Alternative Medical Treatment for Radioiodine-Refractory Thyroid Cancers

Jin Chul Paeng 1,2, Keon Wook Kang 1,2, Do Joon Park 2,3, So Won Oh 1,4, June-Key Chung 1,2,
PMCID: PMC4043055  PMID: 24900013

Abstract

Thyroid cancer is one of the most rapidly increasing cancers in many countries. Although most thyroid cancers are differentiated cancers and easily treated with radioiodine (RI), a portion of differentiated and undifferentiated cancers is refractory not only to RI therapy, but also to radiotherapy and chemotherapy. Thus, various alternative therapies have been tested in RI-refractory thyroid cancers. These alternative therapies include two major categories: redifferentiation therapy and recent molecular target therapy. Several clinical trials have investigated these therapies. They demonstrated potential effects of the therapies, although the results have been somewhat limited so far. Thus, the future strategy for undifferentiated thyroid cancers will involve individualized, lesion-specific, and combined therapy.
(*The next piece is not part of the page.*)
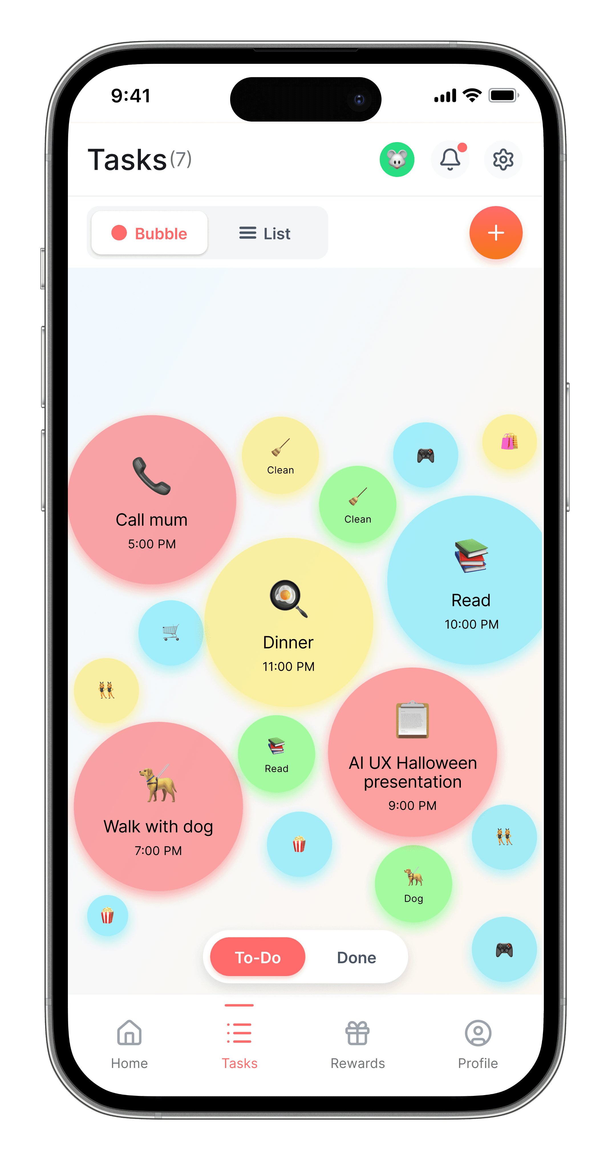 Tasks shouldn't feel urgent until they actually are. A list treats everything equally. A bubble system treats things proportionally — small and unobtrusive when there's time, impossible to ignore when there isn't.

In this review, the basic mechanism of each redifferentiation and molecular target therapy is discussed, and results of recent clinical trials using these therapeutic agents are summarized.
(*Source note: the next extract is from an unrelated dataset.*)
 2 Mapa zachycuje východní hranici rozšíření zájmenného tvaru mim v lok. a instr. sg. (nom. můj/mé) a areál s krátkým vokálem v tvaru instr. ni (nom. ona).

Keywords: Radioiodine-refractory, Redifferentiation, Tyrosine kinase inhibitor, Thyroid cancer

Introduction

Thyroid cancer is one of the most rapidly increasing cancers in many countries. In Korea, the total incidence of thyroid cancer was 26,923 in 2008 and 21,178 in 2007 [1, 2]. In the US, the incidence was estimated as approximately 48,000 in 2011, but as 37,200 in 2009 [3, 4]. However, the number of deaths from thyroid cancer was only 347 in Korea in 2008, and was estimated to be 1,730 in the US in 2011. This low death rate in contrast with high incidence is chiefly due to three factors: (1) the indolent nature of thyroid cancer itself, (2) high efficacy of radioiodine (RI) therapy, and (3) early detection of cancers with screening programs.

RI therapy is the most effective treatment for advanced differentiated thyroid cancers (DTC) after thyroidectomy. As about 85–95% of thyroid cancers are DTCs, most thyroid cancers are an appropriate indication for RI therapy. However, a portion of DTC is refractory to RI therapy. About 5% of thyroid cancers are poorly differentiated or anaplastic cancers that are refractory to RI therapy. Additionally, some DTCs are converted to dedifferentiated cancers with disease progression, losing expression of the sodium-iodide symporter (NIS) [5]. For these undifferentiated thyroid cancers no effective treatment currently exists except complete surgical resection, although it is not always available. In case local treatment is available, recent methods of radiofrequency ablation and laser ablation could be alternative methods to conventional surgery. Usually undifferentiated thyroid cancers are also refractory to external radiotherapy or chemotherapy. Thus, several alternative medical treatments have been investigated in recent years.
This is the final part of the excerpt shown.